Technical limitations include data quality issues, in particular use of an arbitrary ‘five year rule’ to identify first admissions and out-of-hospital deaths without prior admission; misclassification of ethnicity data; linkage bias introduced via duplicate NHI assignment; and inability to fully adjust cause of death data for miscoding and misclassification. Relatively sparse incidence and mortality data for Māori in very old age groups (75+ years) results in the rate estimates for these age groups being strongly influenced by data smoothing.

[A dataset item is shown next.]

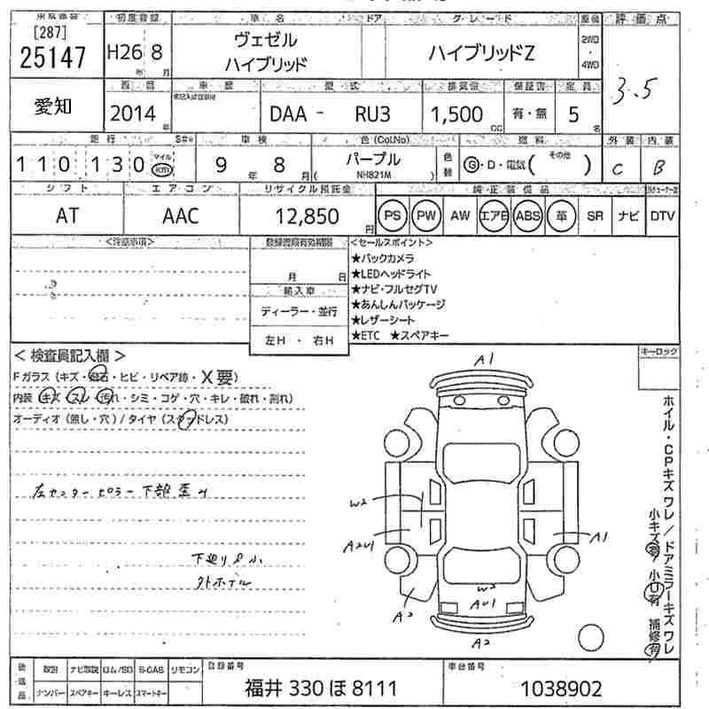 HONDA VEZEL - лот 25147

The lifetable method is also limited in that it is based on a steady state. The model generates estimates for prevalence in 2001 by assuming that the age specific incidence and mortality estimates for that year applied also to previous years. Given declining trends in CHD mortality1 and possibly incidence,9 we will have under estimated CHD prevalence. Our modelled estimate for CHD mortality among Māori is approximately 8% less than recorded in the NZHIS mortality collection for 2001. This may reflect under estimation by the model or inaccuracies in cause of death assignment or coding of the empirical mortality data. Also, being deterministic, the model is unable to output confidence intervals. Instead, sensitivity analysis can be used to quantify uncertainty, although we do not report results of such sensitivity analyses here. Finally, while the model itself is equally robust for both ethnic groups, the poorer quality of the data for Māori, and the greater impact of misclassification on the smaller ethnic group, mean that the epidemiological estimates for Māori are likely to be less robust than are those for non-Māori.

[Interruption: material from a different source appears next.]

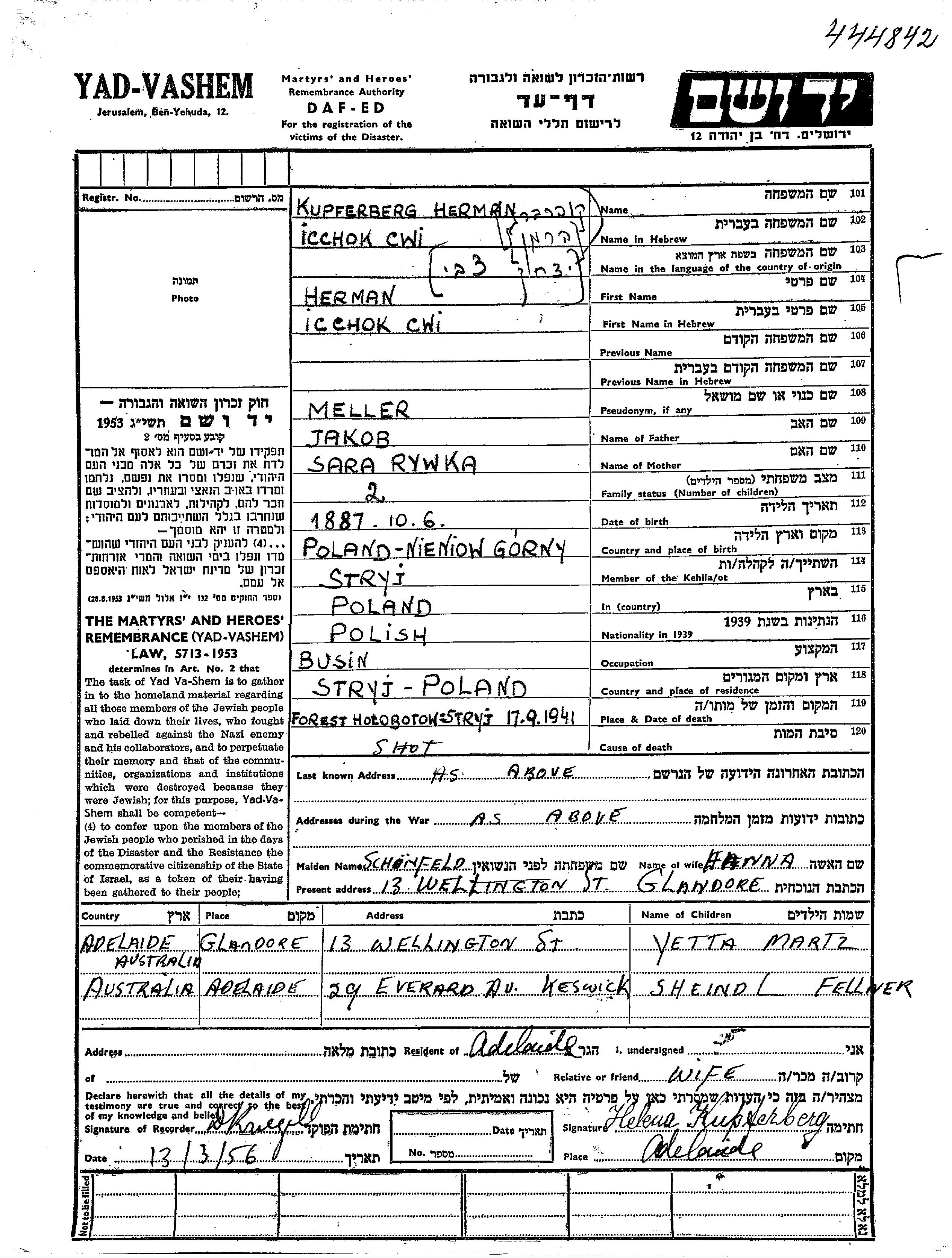 Yetta Sheindl Martzi Kupferberg הרמן. לפני מלחמת העולם השניה התגוררה בStryj שבפולין.

Despite these limitations, our results provide information that can be used to guide cardiovascular health service planning. Internally consistent CHD incidence, prevalence, survival, case fatality and mortality estimates will enable health service funders and purchasers to assess the level of met and unmet need for preventive, therapeutic and rehabilitative cardiology services, and will also contribute to the assessment of service access barriers for Māori.5,6 Indeed, our findings reinforce the ‘call to action’ on Māori cardiovascular health issued by a health sector working group in 2004,5 and echoed more recently in He Korowai Oranga, the Māori Health Strategy.6 The major inequality in incidence we have demonstrated calls for realignment of the distribution of resources to primary preventive services in order to better address the issue of ethnic cardiovascular inequalities and enable a greater focus of interventions on key risk factors such as cigarette smoking and obesity. Similarly, the equally significant inequality in CHD case fatality (demonstrated here and elsewhere) calls for system changes that ensure increased responsiveness of specialist care for Māori patients post-coronary event (including improved access to reperfusion surgery, secondary prevention and cardiac rehabilitation). The scope for elimination of inequalities (whether socio-economic or ethnic) in coronary disease, at least in an absolute sense, has been reviewed elsewhere.12

The methods outlined in this study can also be used to monitor health system responsiveness, by providing a useful benchmark against which to measure Māori/non-Māori cardiovascular inequalities. The multistate lifetable is a pure period indicator, so by constructing such lifetables for each period, a time series of the descriptive epidemiology of CHD by ethnicity will be built up. Such monitoring will be of increasing importance as the obesity and type 2 diabetes epidemics evolve, possibly reversing the long term downward trend in CHD mortality – with earlier and potentially greater impact on Māori.10,11


This paper is published with the approval of the Deputy Director-General (Health and Disability Systems Strategy Directorate), New Zealand Ministry of Health. However, opinions are the authors' own and do not necessarily reflect the Ministry's policy advice.